Task item: State how many lines in the listing below include the string "this". The answer is the number alone.

Supplied material:
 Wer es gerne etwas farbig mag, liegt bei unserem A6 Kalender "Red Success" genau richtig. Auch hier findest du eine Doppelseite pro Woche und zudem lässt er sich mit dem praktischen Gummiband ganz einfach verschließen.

==

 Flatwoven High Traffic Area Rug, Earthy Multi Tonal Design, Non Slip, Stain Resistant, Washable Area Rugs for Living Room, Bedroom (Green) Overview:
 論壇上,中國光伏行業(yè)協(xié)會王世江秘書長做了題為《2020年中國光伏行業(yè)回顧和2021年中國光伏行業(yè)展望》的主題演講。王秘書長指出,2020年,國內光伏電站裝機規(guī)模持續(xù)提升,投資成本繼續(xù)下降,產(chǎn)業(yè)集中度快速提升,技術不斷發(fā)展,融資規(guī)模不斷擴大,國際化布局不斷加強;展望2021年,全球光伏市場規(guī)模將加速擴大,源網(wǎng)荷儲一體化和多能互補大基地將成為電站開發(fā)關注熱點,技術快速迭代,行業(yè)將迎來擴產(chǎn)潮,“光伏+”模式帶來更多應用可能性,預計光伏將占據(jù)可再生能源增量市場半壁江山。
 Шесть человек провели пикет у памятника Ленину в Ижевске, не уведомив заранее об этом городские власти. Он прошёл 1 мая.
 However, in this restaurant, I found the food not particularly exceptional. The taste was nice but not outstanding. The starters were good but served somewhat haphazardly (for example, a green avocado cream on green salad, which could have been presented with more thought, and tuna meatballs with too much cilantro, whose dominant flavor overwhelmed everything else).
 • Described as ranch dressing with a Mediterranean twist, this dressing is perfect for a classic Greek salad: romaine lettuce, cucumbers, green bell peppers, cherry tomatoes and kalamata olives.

Answer box: 2